C’è un eteronimo che gli somiglia: è Bernardo Soares, impiegato e poeta, autore principale del Libro dell’Inquietudine. Inappariscente, dimesso, abituato alla solitudine delle camere d’affitto, Soares è “un semieteronimo” perché, “pur non essendo la sua personalità la mia, dalla mia non è diversa, ma ne è una semplice mutilazione. Sono io senza il raziocinio e l’affettività” (Antonio Tabucchi dirà che Soares, questo Pessoa mutilato, è un uomo che sta alla finestra e guarda).
La tecnica letteraria di Pessoa è la variante letteraria e fantastica della liberazione del sé dall’illusorio e doloroso mondo mentale promessa dalle filosofie orientali. È una tecnica (e un’etica) atletica, esponenziale, frattale, mistica; crea o meglio riconosce sé alternativi e paralleli che a un certo punto e in un qualche dove sono esplosi, in un big bang dell’identità: “Ho creato me stesso, obbrobrio fastoso, uno sfarzo di dolore e di estinzione. È morto colui che non sono mai stato”.
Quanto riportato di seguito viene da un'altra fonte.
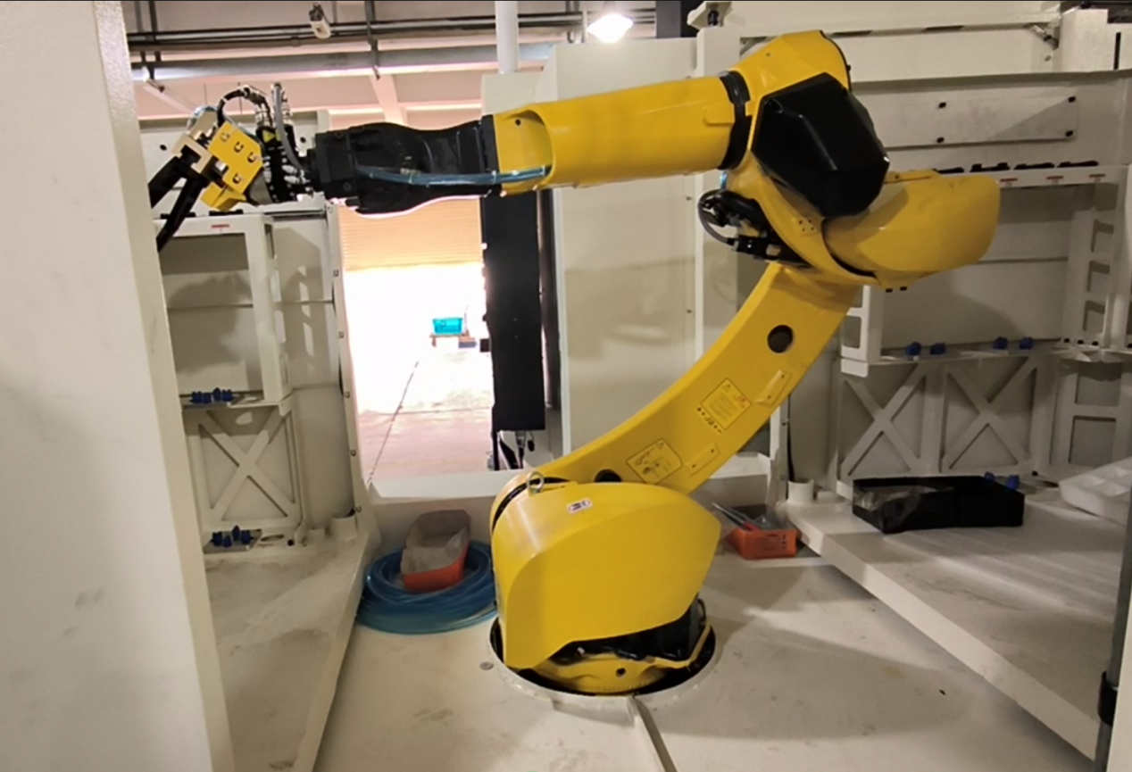 广东某公司,专业生产自动化设备零部件,现场使用855中型立式加工中心(FANUC 0I MF-PLUS数控系统),直线导轨式机器人加零点定位工装夹具,配置MES控制管理系统。
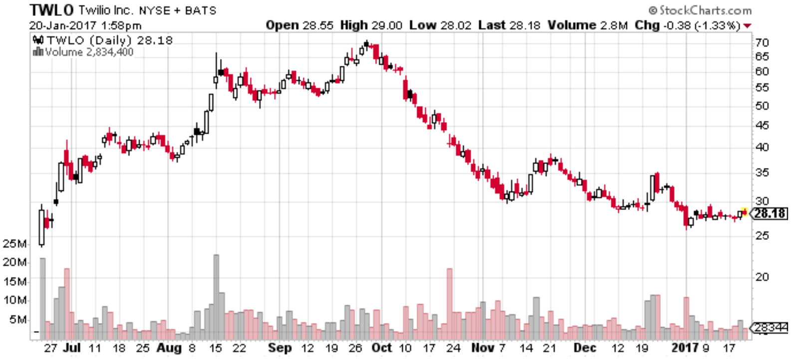 Twilio (NYSE: TWLO) came public in June 2016, and the shares soared over the next three months to touch $70. Three months later, the stock is back in the $20's. The decline can be blamed on the usual suspects - the half-life of IPO hype and the expiration of share lockups which adds supply to the market. A big chunk of shares came off lockup on December 20th, then a small one in early January. Finally, the last large chunk will come in February. (Because the company did a secondary, the pending lockup expiration is staggered.)
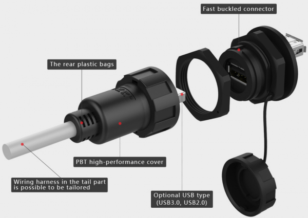 Circular Connector IP67 Waterproof Data USB 2.0 3.0 Connector for Data Transmission Equipment
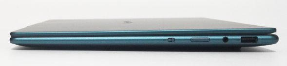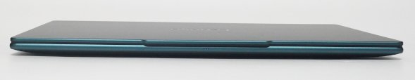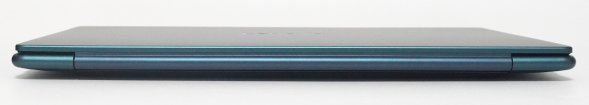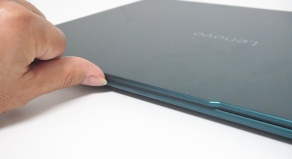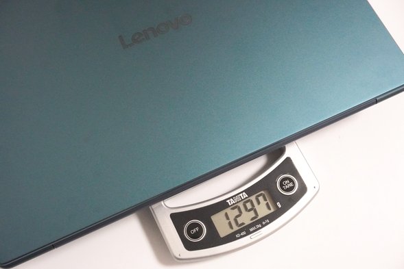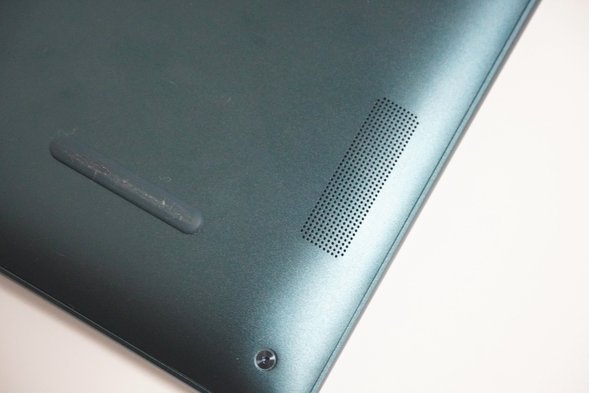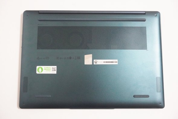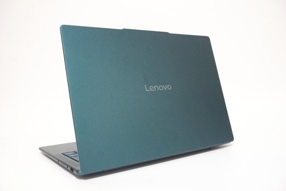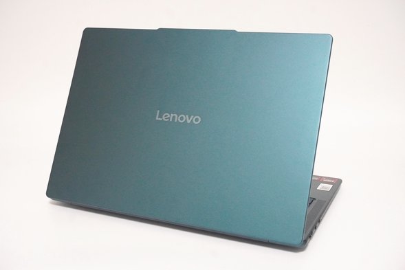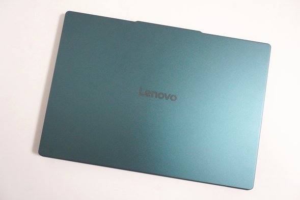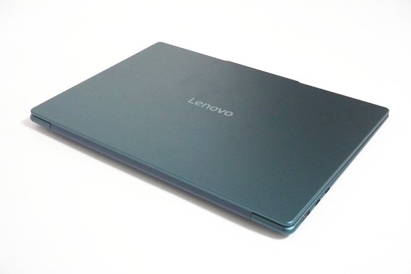 天板部分です。タイダルティールと呼ばれるカラーがとても上品な印象を受けます。Lenovoのロゴが中央に刻印されていて、シンプルなデザインです。
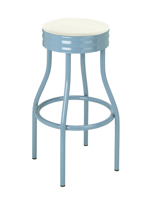 Taburete de Estilo Retro Americano en acero con una gama amplia de acabados de asiento perfecto para Bares, Restaurantes y Espacios Creativos.
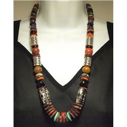 Navajo Turquoise & 12k Gold Fill over Sterling Silver Beads Necklace - Tommy Singer
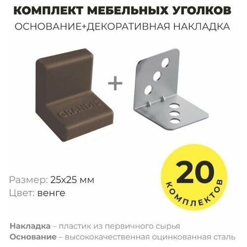 Уголок мебельный крепежный, 25*25 мм, с пластиковой крышкой, Grandis , цвет венге , комплект 40 шт
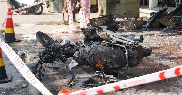 Trong đó, có 1 chiếc ô tô 4 chỗ và 3 xe máy cháy nham nhở |
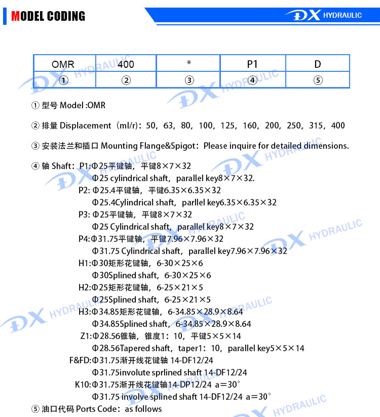The OMR motor is a shaft-distributed flow motor. It adopts a needle-inserted tooth stator-rotor pair design, featuring low starting pressure, high efficiency, and good retention. Its reliable shaft seal design allows it to withstand high back pressure, and it can be used in series or parallel. It enables convenient forward and reverse direction switching with stable rotation speed. The specially designed linkage shaft ensures a long service life of the motor.
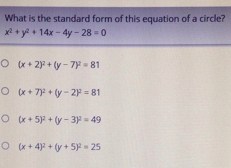 What is the standard form of this equation of a circle? (X+2)^2 + (y-7)^2=81
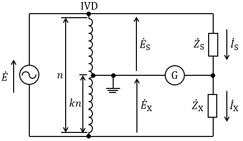 図は,既知の標準インピーダンス\( \ {\dot Z}_{\mathrm {S}} \ \)を用いて未知のインピーダンス\( \ {\dot Z}_{\mathrm {X}} \ \)を校正するためのブリッジ回路で,交流電源\( \ \dot E \ \),誘導分圧器\( \ \mathrm {IVD} \ \)及び検流計Ⓖで構成されている。なお,\( \ \mathrm {IVD} \ \)は理想的なものであり,全体の巻数\( \ n \ \)が固定で,\( \ k \ \)は可変(ただし,\( \ 0 < k < 1 \ \))である。
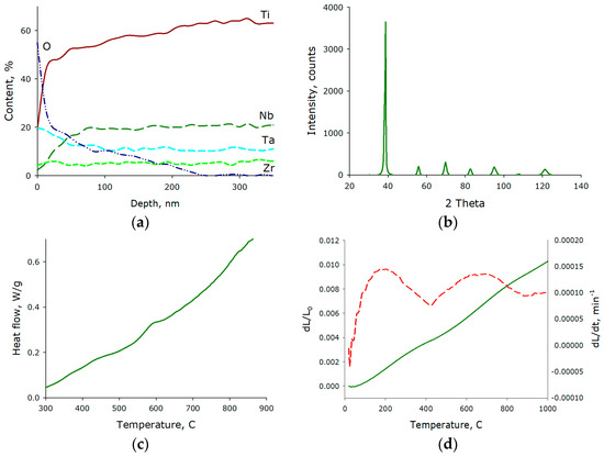 Physical features of Ti-20Nb-10Ta-5Zr alloy: (a) element composition; (b) X-ray phase analysis; (c) function heat flow from temperature; (d) results of dilatometric analysis of the alloy. The red line is the left y-axis, the green line is the right y-axis.
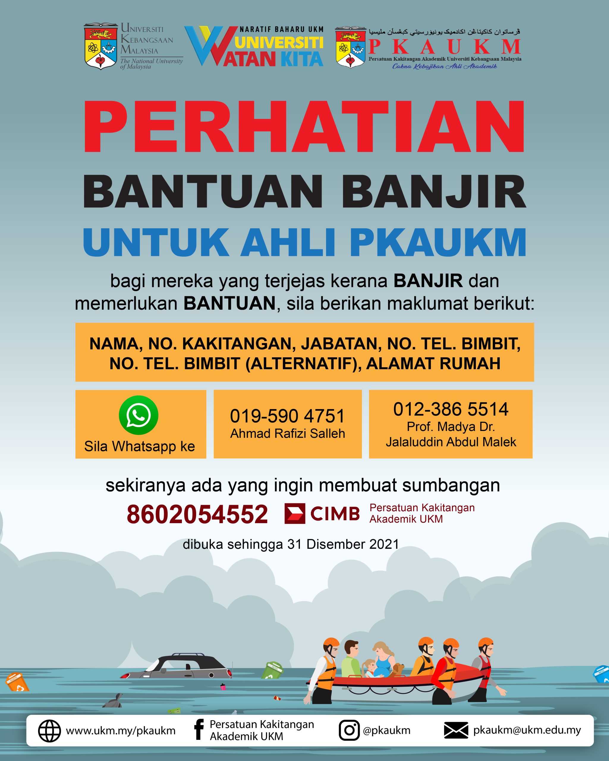 PERHATIAN!! BANTUAN BANJIR UNTUK AHLI PKAUKM bagi mereka yang terjejas kerana banjir dan memerlukan bantuan, sila berikan maklumat berikut: NAMA NO. KAKITANGAN JABATAN NO. TEL. …
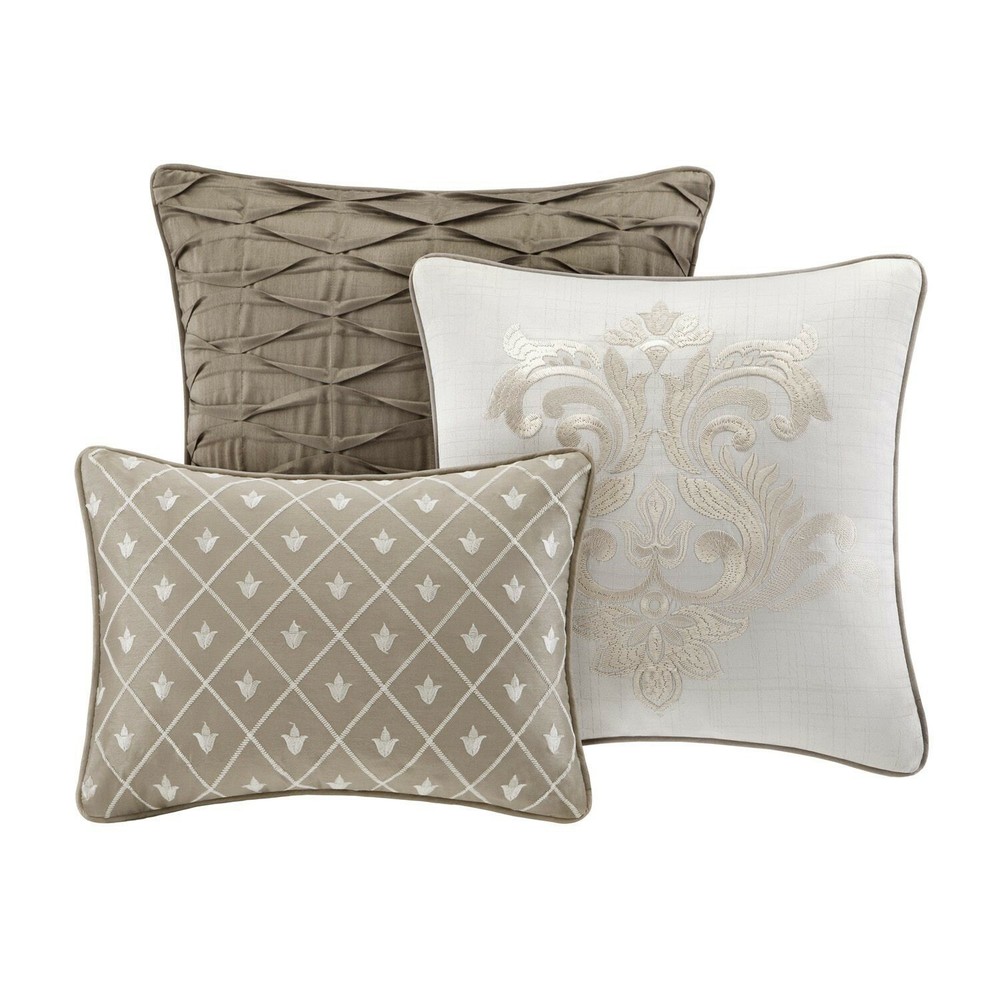 Product Specifics: 7-Pc Comforter Set by Madison Park Model: Conrad Size: King Colors: Natural (Grayish, stone) Includes: 1 comforter, 2 king size shams, 1 bed skirt, & 3 decorative pillows Jacquard facing with pin-tucked details Machine wash Polyester Super fast to ship with tracking number provided Shipping weight: 16lbs

Il più dedito alla ricerca della verità, oltre e spesso contro la volontà di Pessoa, è António Mora, che vuole tornare all’epoca dei greci (indossa una toga antico-romana) e rifiuta il progresso in senso radicale, nietzschiano: “Bugiardi sempre, viviamo mentendo. Non viviamo la nostra vita; è la nostra vita che ci vive”. Non è un caso che Antònio Mora, unico in tutta la “affollata solitudine” di Pessoa, sia recluso nella clinica psichiatrica di Cascais, dove Pessoa in persona lo va a trovare: il racconto del loro colloquio, un capolavoro di ingegno e profondità, è in appendice al trattato Il ritorno degli dei, firmato ovviamente da António Mora.